Childcare harder to find in suburban Calgary: report

Trying to find childcare in Calgary can be a challenge and a new report from the Canadian Centre for Policy Alternatives shows where in the city it’s the hardest.

Calgary has a coverage rate of just 37 per cent, which is slightly lower than Toronto and roughly half of what parents in large Quebec cities experience.

More than half of the children under the age of five in Calgary live in a community where there are more than three children competing for one space.

Coverage rates are high downtown, then fall substantially when reaching the suburbs.

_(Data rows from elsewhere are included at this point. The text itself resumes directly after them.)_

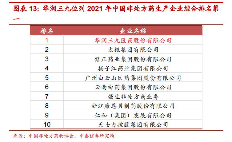 当前,在OTC方面,公司成功打造出了999、天和、易善复和澳诺等一系列知名品牌,拥有较高的品牌辨识度,已连续多年上榜WPP集团(世界最大传播集团)发布的最有价值中国品牌榜榜单,并连续多年在中国非处方药协会发布的OTC生产企业综合榜单中排名第一。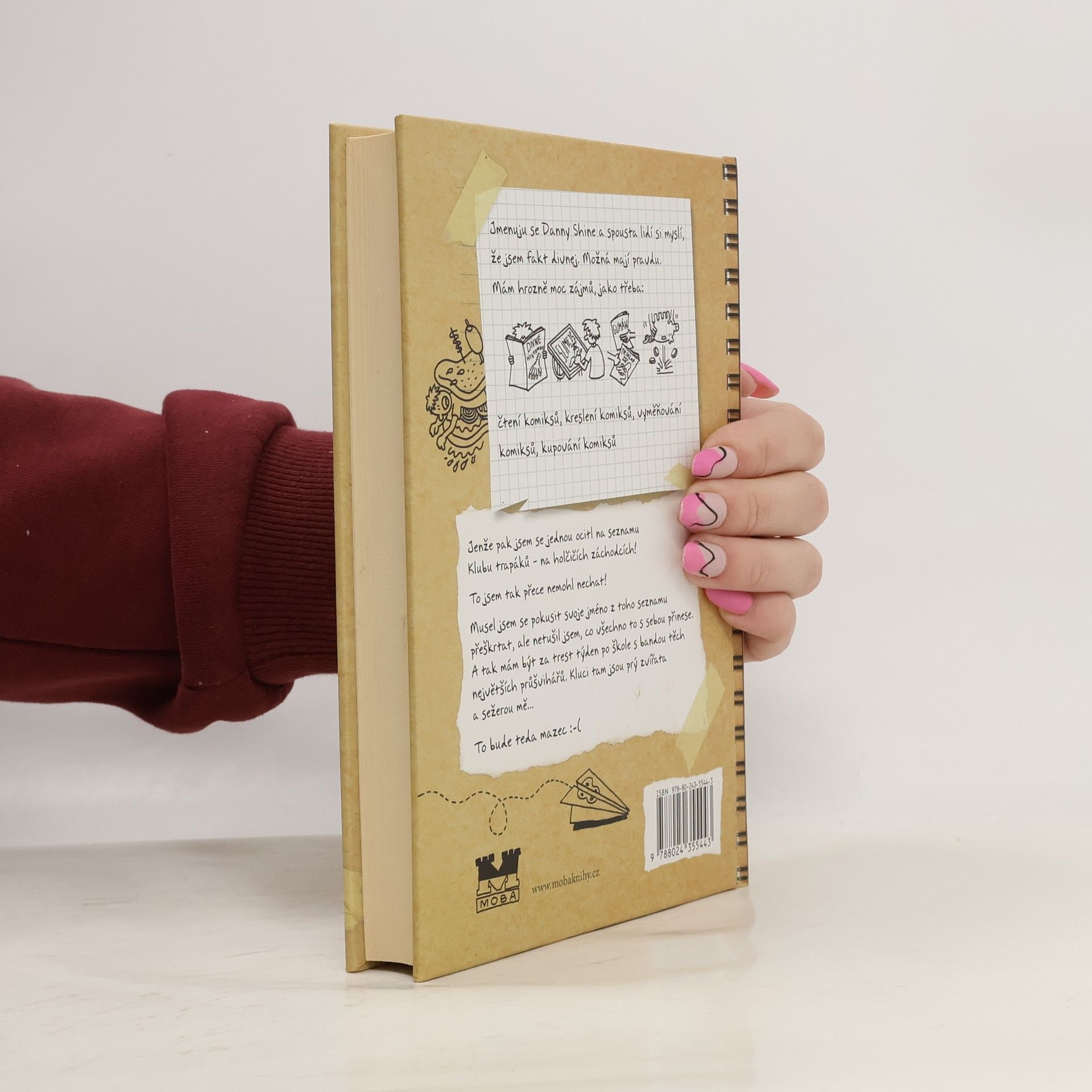 Jmenuju se Danny Shine a spousta lidí si myslí, že jsem fakt divnej. Možná mají pravdu. Mám hrozně moc zájmů, jako třeba: čtení komiksů, kreslení komiksů, vyměňování komiksů, kupování komiksů. Jenže pak jsem se jednou ocitl na seznamu Klubu trapáků – na holčičích záchodcích! To jsem tak přece nemohl nechat! Musel jsem se pokusit svoje jméno z toho seznamu přeškrtat, ale netušil jsem, co všechno to s sebou přinese. A tak mám být za trest týden po škole s bandou těch největších průšvihářů. Kluci tam jsou prý zvířata... To bude mazec. :-(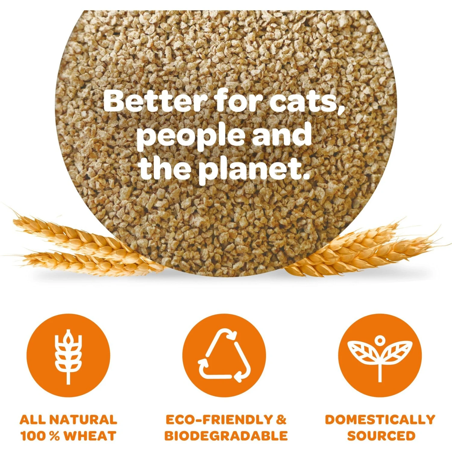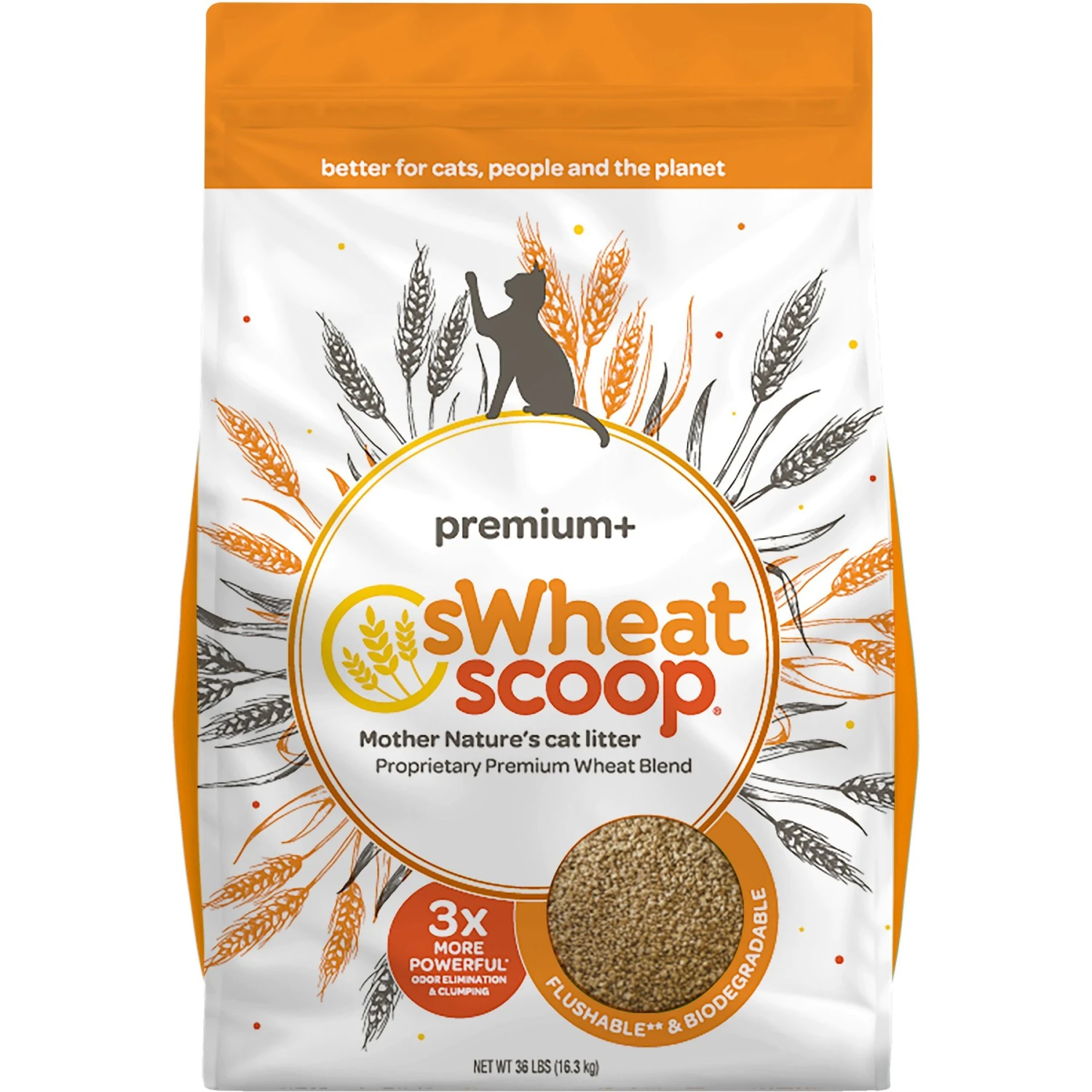Fill your litter box with sWheat Scoop Premium+ Unscented Clumping Wheat Cat Litter. Purr-fect for single- or multi-cat households, this litter is crafted from biodegradable wheat—the wheat starches help trap odors on contact, while natural enzymes help quickly neutralize urine and ammonia odors. This high-performing litter has no added dyes, perfumes, dust or harmful ingredients found in other clay litters, plus it’s 100% biodegradable!

It’s high in the city’s southeast and in postal codes along the Bow River, but much lower in the northern and southwest sections.

The higher coverage starts in the north near the University of Calgary and follows the Bow through the city centre, veers south following the Elbow River through Mission and Elbow Park, then back over to the Highfield and Lynwood areas.

Neighbourhoods in the southwest, including Lakeview, Braeside, Willow Park and Lake Bonavista, have somewhat lower coverage rates of around 50 per cent.

But areas like Cranston and Mackenzie Lake in the southeast have coverage rates of at or below 20 per cent despite large numbers of young children living there.

It’s a similar situation for much of the northern part of the city, where coverage rates of 20 per cent stretch from Tuscany through Saddle Ridge.

At 36 per cent, Alberta as a whole has slightly lower child care coverage than British Columbia.

Rural Alberta fares even worse with a coverage rate of 24 per cent, a little more than half the coverage parents would find in Calgary and Edmonton.